Saved data entries:
== Segment start ==

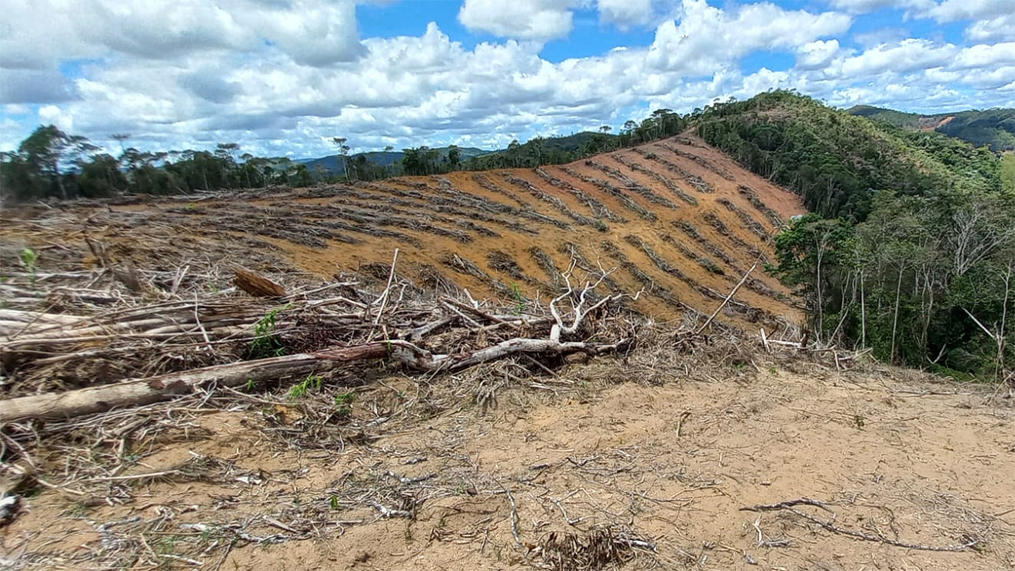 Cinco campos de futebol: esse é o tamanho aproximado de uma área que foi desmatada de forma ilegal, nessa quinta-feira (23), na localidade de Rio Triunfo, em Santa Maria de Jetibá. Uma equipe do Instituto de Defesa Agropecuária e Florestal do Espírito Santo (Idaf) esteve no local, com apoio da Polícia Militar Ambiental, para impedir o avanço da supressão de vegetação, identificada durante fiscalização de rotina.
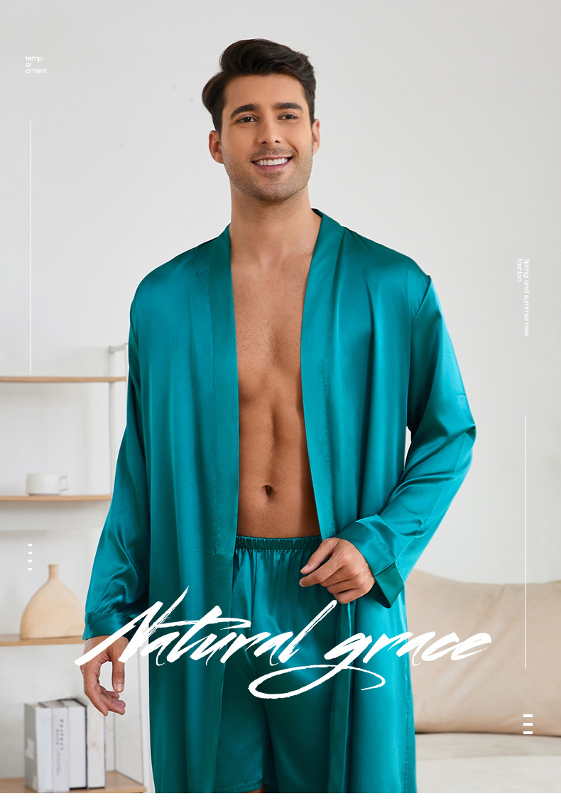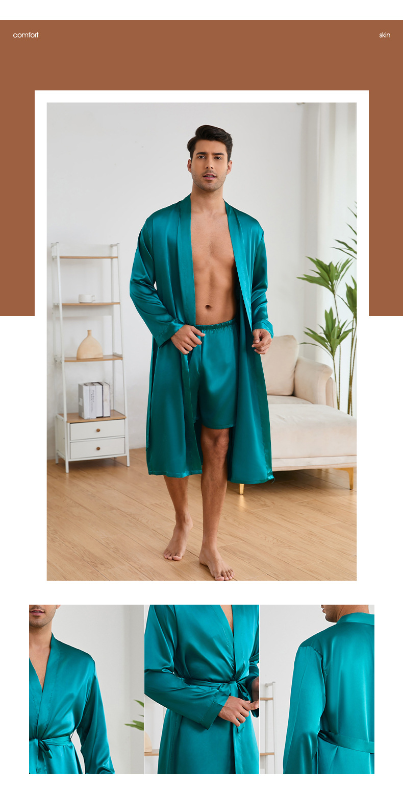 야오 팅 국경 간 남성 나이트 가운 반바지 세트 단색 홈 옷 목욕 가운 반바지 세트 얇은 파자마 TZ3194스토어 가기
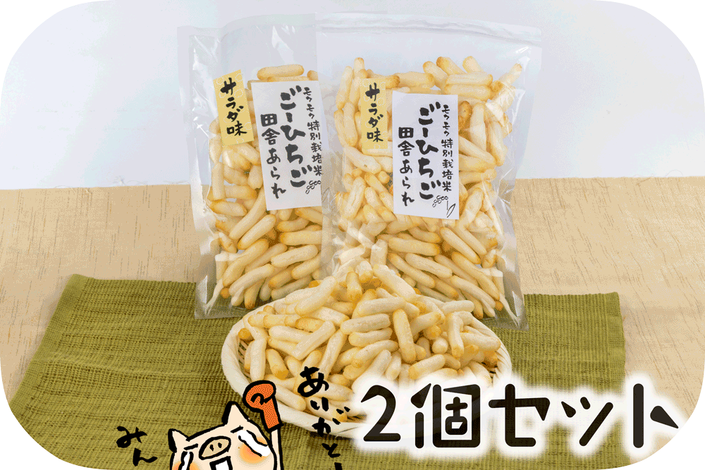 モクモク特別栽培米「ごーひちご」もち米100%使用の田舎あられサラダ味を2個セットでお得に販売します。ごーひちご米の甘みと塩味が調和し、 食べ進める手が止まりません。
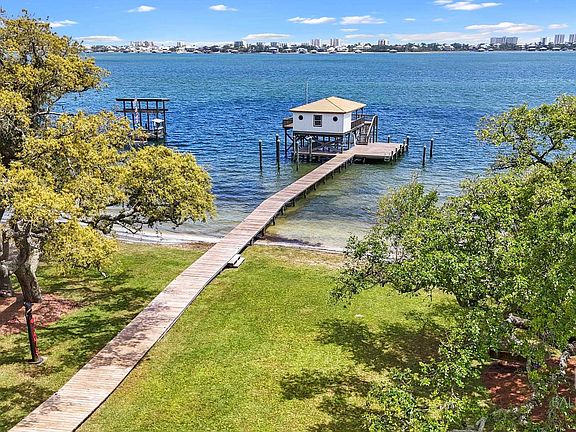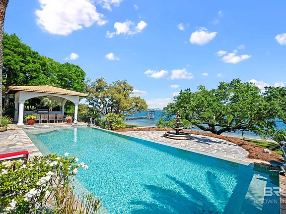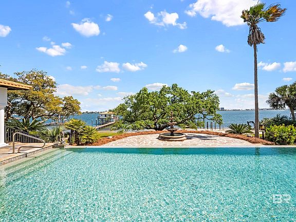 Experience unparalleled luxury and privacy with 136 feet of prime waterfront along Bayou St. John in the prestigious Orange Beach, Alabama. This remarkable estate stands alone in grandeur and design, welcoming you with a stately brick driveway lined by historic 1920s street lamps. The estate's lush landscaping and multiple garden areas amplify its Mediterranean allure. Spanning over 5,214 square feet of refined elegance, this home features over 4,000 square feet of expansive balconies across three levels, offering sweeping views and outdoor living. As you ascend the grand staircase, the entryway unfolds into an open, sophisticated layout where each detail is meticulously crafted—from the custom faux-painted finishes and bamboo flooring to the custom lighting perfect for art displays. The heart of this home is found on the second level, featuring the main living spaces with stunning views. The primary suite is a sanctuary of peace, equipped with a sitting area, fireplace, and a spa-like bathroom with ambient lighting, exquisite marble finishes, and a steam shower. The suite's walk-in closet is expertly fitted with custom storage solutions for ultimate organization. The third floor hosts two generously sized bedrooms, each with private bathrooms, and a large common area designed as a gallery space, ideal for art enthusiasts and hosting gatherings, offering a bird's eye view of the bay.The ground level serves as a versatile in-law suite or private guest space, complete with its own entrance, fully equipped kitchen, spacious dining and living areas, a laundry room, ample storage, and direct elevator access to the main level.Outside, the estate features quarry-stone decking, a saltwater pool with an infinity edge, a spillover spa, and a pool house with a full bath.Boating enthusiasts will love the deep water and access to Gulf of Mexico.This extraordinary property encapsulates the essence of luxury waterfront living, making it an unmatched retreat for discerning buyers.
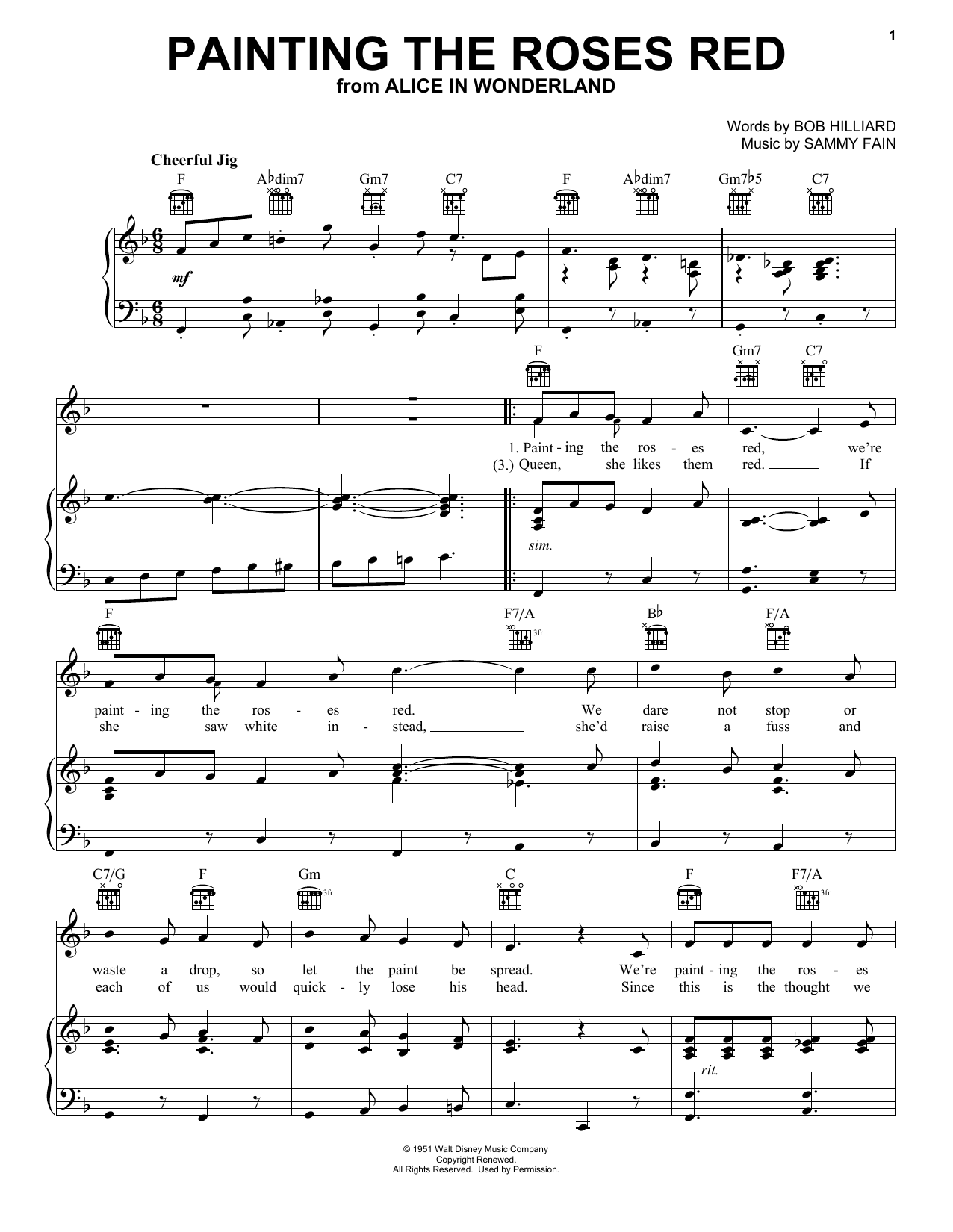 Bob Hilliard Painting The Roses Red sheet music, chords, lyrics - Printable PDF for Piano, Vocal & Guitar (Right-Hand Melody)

== Segment end ==

Directions for this task: Transcribe the records above exactly as they appear, leaving out any pictures.

Reply:
 Cinco campos de futebol: esse é o tamanho aproximado de uma área que foi desmatada de forma ilegal, nessa quinta-feira (23), na localidade de Rio Triunfo, em Santa Maria de Jetibá. Uma equipe do Instituto de Defesa Agropecuária e Florestal do Espírito Santo (Idaf) esteve no local, com apoio da Polícia Militar Ambiental, para impedir o avanço da supressão de vegetação, identificada durante fiscalização de rotina.
 야오 팅 국경 간 남성 나이트 가운 반바지 세트 단색 홈 옷 목욕 가운 반바지 세트 얇은 파자마 TZ3194스토어 가기
 モクモク特別栽培米「ごーひちご」もち米100%使用の田舎あられサラダ味を2個セットでお得に販売します。ごーひちご米の甘みと塩味が調和し、 食べ進める手が止まりません。
 Experience unparalleled luxury and privacy with 136 feet of prime waterfront along Bayou St. John in the prestigious Orange Beach, Alabama. This remarkable estate stands alone in grandeur and design, welcoming you with a stately brick driveway lined by historic 1920s street lamps. The estate's lush landscaping and multiple garden areas amplify its Mediterranean allure. Spanning over 5,214 square feet of refined elegance, this home features over 4,000 square feet of expansive balconies across three levels, offering sweeping views and outdoor living. As you ascend the grand staircase, the entryway unfolds into an open, sophisticated layout where each detail is meticulously crafted—from the custom faux-painted finishes and bamboo flooring to the custom lighting perfect for art displays. The heart of this home is found on the second level, featuring the main living spaces with stunning views. The primary suite is a sanctuary of peace, equipped with a sitting area, fireplace, and a spa-like bathroom with ambient lighting, exquisite marble finishes, and a steam shower. The suite's walk-in closet is expertly fitted with custom storage solutions for ultimate organization. The third floor hosts two generously sized bedrooms, each with private bathrooms, and a large common area designed as a gallery space, ideal for art enthusiasts and hosting gatherings, offering a bird's eye view of the bay.The ground level serves as a versatile in-law suite or private guest space, complete with its own entrance, fully equipped kitchen, spacious dining and living areas, a laundry room, ample storage, and direct elevator access to the main level.Outside, the estate features quarry-stone decking, a saltwater pool with an infinity edge, a spillover spa, and a pool house with a full bath.Boating enthusiasts will love the deep water and access to Gulf of Mexico.This extraordinary property encapsulates the essence of luxury waterfront living, making it an unmatched retreat for discerning buyers.
 Bob Hilliard Painting The Roses Red sheet music, chords, lyrics - Printable PDF for Piano, Vocal & Guitar (Right-Hand Melody)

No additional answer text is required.